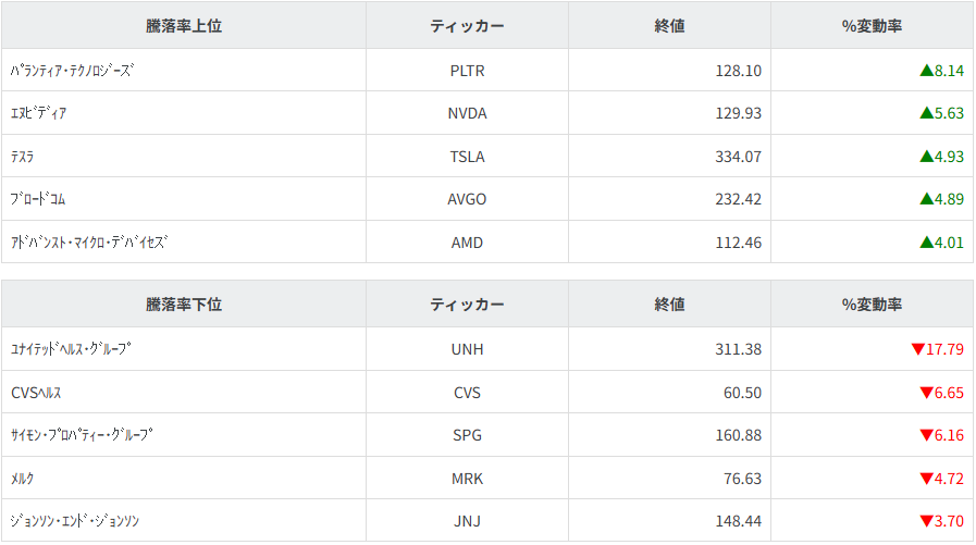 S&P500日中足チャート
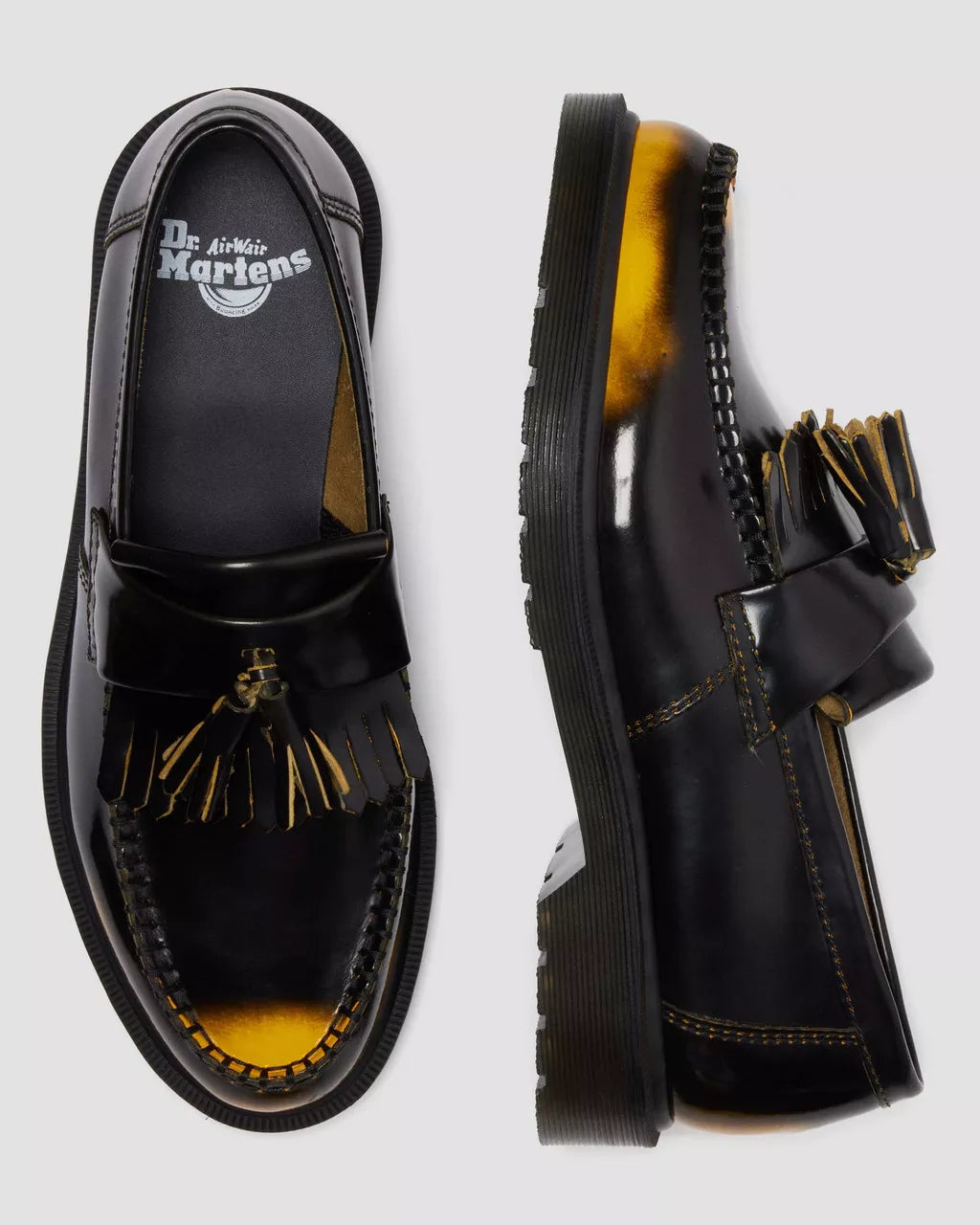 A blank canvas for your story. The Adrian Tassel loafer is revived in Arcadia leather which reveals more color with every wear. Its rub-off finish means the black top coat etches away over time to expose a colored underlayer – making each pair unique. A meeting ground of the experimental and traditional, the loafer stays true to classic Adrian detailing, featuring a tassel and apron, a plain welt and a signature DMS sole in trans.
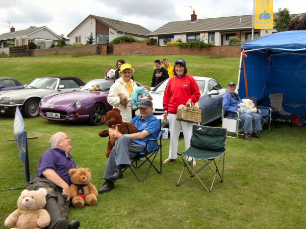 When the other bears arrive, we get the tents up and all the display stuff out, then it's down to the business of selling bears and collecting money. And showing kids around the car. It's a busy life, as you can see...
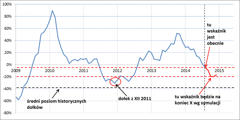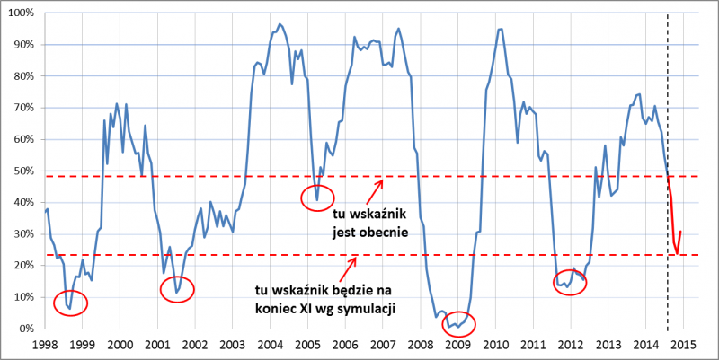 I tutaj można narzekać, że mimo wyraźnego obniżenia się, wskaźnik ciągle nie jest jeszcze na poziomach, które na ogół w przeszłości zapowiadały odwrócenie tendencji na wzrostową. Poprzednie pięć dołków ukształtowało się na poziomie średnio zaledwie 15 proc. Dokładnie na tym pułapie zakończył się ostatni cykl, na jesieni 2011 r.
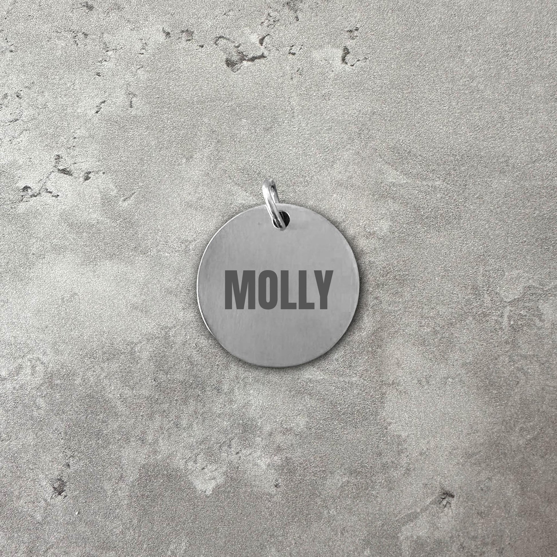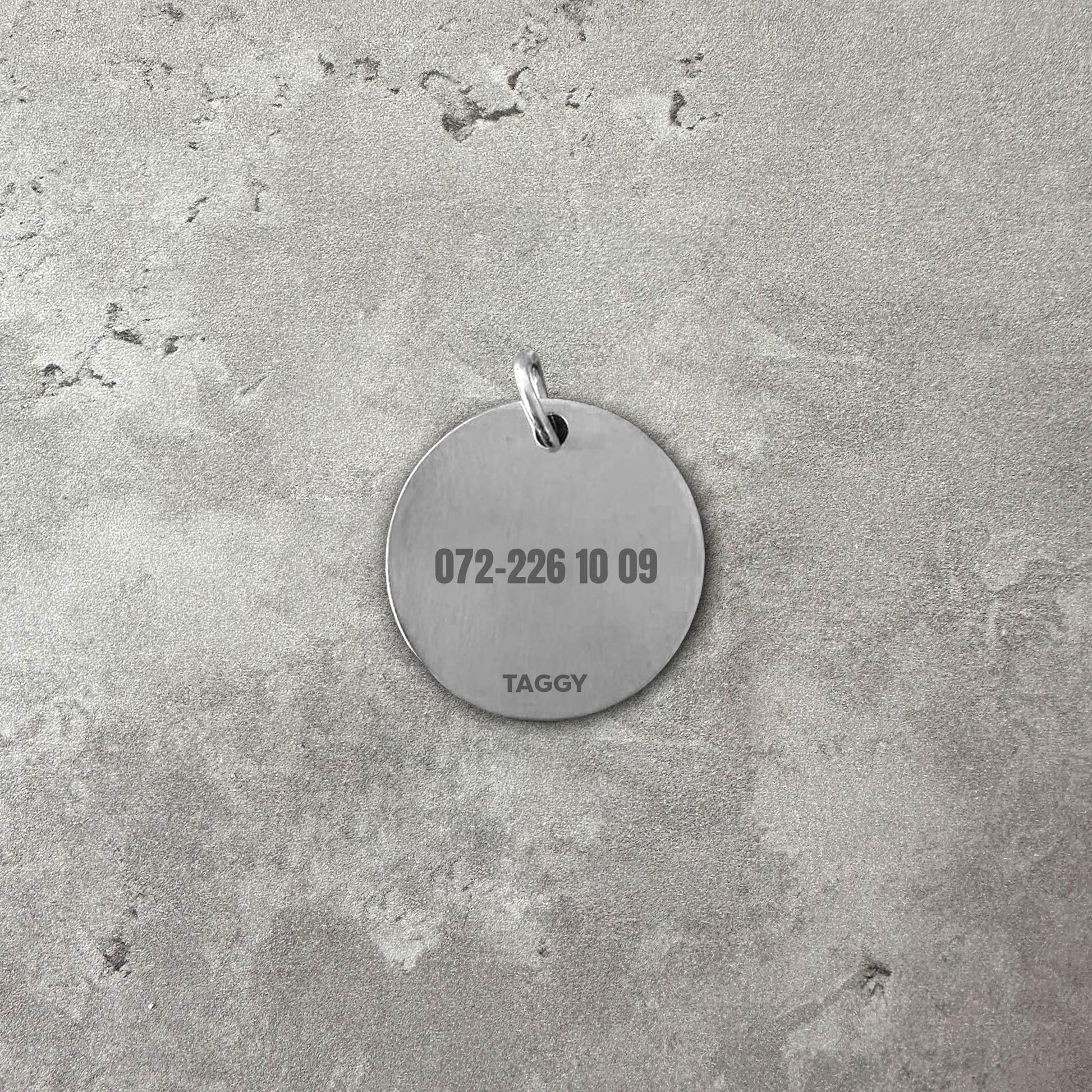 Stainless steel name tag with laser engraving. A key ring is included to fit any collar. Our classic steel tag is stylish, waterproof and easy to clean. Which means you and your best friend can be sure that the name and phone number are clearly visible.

★ ★ ★

> **TASK TO COMPLETE**
Please copy the data above exactly, omitting the pictures.

> **OUTPUT**
 S&P500日中足チャート
 A blank canvas for your story. The Adrian Tassel loafer is revived in Arcadia leather which reveals more color with every wear. Its rub-off finish means the black top coat etches away over time to expose a colored underlayer – making each pair unique. A meeting ground of the experimental and traditional, the loafer stays true to classic Adrian detailing, featuring a tassel and apron, a plain welt and a signature DMS sole in trans.
 When the other bears arrive, we get the tents up and all the display stuff out, then it's down to the business of selling bears and collecting money. And showing kids around the car. It's a busy life, as you can see...
 I tutaj można narzekać, że mimo wyraźnego obniżenia się, wskaźnik ciągle nie jest jeszcze na poziomach, które na ogół w przeszłości zapowiadały odwrócenie tendencji na wzrostową. Poprzednie pięć dołków ukształtowało się na poziomie średnio zaledwie 15 proc. Dokładnie na tym pułapie zakończył się ostatni cykl, na jesieni 2011 r.
 Stainless steel name tag with laser engraving. A key ring is included to fit any collar. Our classic steel tag is stylish, waterproof and easy to clean. Which means you and your best friend can be sure that the name and phone number are clearly visible.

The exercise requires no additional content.